### [Try it]
When copying the data below, keep only the lines from the one with "Ainsi,  pour le" through the one with "Acer USB А към", word for word, and skip the pictures.

### [Data segment]
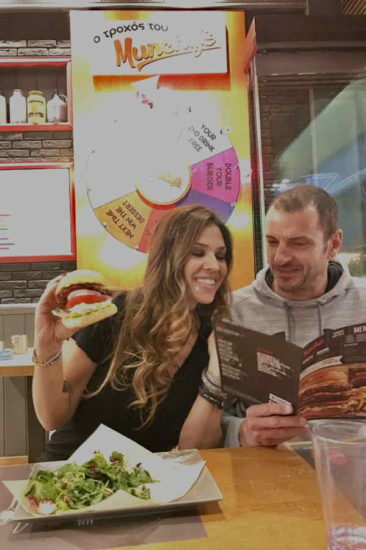 Η Ναταλία Δραγούμη με το σύζυγό της στο Munchy’s Burger Restaurant στην πλατεία της Κηφισιάς
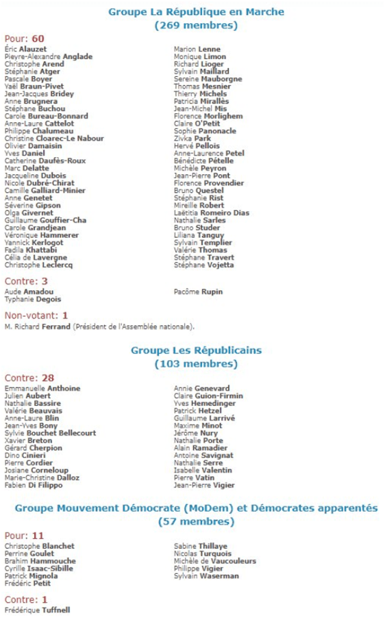 Ainsi,  pour le groupe La République en Marche qui comptabilise 269 membres, nous avons 64 présents dans l’hémicycle et 205 absents ! On ne sait point trop où ces absents sont allé marcher, mais en tous les cas, ils ne marchent pas pour le peuple ! Notons toutefois que 3 ont voté contre….
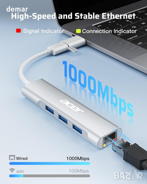 Acer USB А към Ethernet адаптер, 4-в-1 USB-А хъб с 3 USB-A 3.1 и 1Gbps RJ45 - НЯМА А към С адаптер
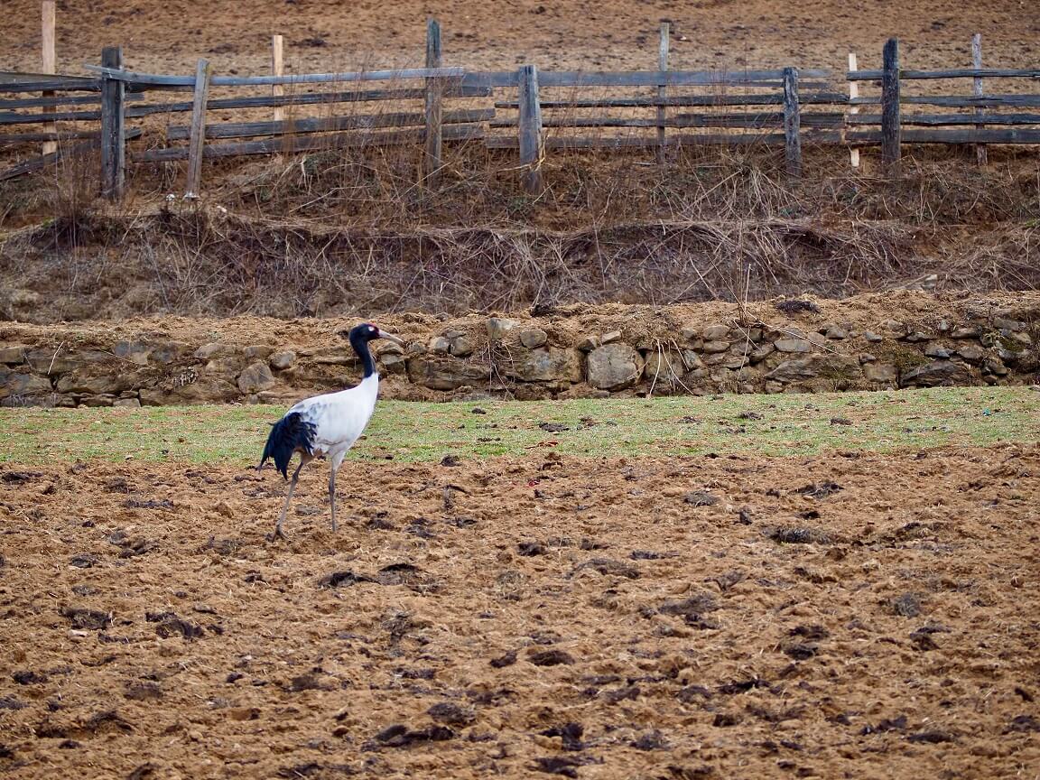 Fortunately, the government of Bhutan has realized the importance of this landscape and has protected over half of its total land area. This protection is in the form of National Parks, Wildlife Sanctuaries, and, possibly the most important, biological corridors. These corridors allow animals to migrate throughout the country and are a reason that scientists were able to discover the wild altitude gradients that tigers migrate through in this region. Along with biological corridors, camera trapping allowed scientists to capture images of a tiger at an altitude of over 11,000 feet, which was tracked from the Royal Manas National Park in southern Bhutan. Also, Bhutan is known as the only place in the world where tigers and snow leopards are known to coexist. Because of Bhutan’s commitment to environmental protection stemming from Buddhist beliefs and traditions, many species have begun to rely on this land and its resources including the tiger, which has recently had a surge in population, and the black-necked crane, which annually roosts in the protected wetland area of Phobjikha valley.

### [Written reply]
 Ainsi,  pour le groupe La République en Marche qui comptabilise 269 membres, nous avons 64 présents dans l’hémicycle et 205 absents ! On ne sait point trop où ces absents sont allé marcher, mais en tous les cas, ils ne marchent pas pour le peuple ! Notons toutefois que 3 ont voté contre….
 Acer USB А към Ethernet адаптер, 4-в-1 USB-А хъб с 3 USB-A 3.1 и 1Gbps RJ45 - НЯМА А към С адаптер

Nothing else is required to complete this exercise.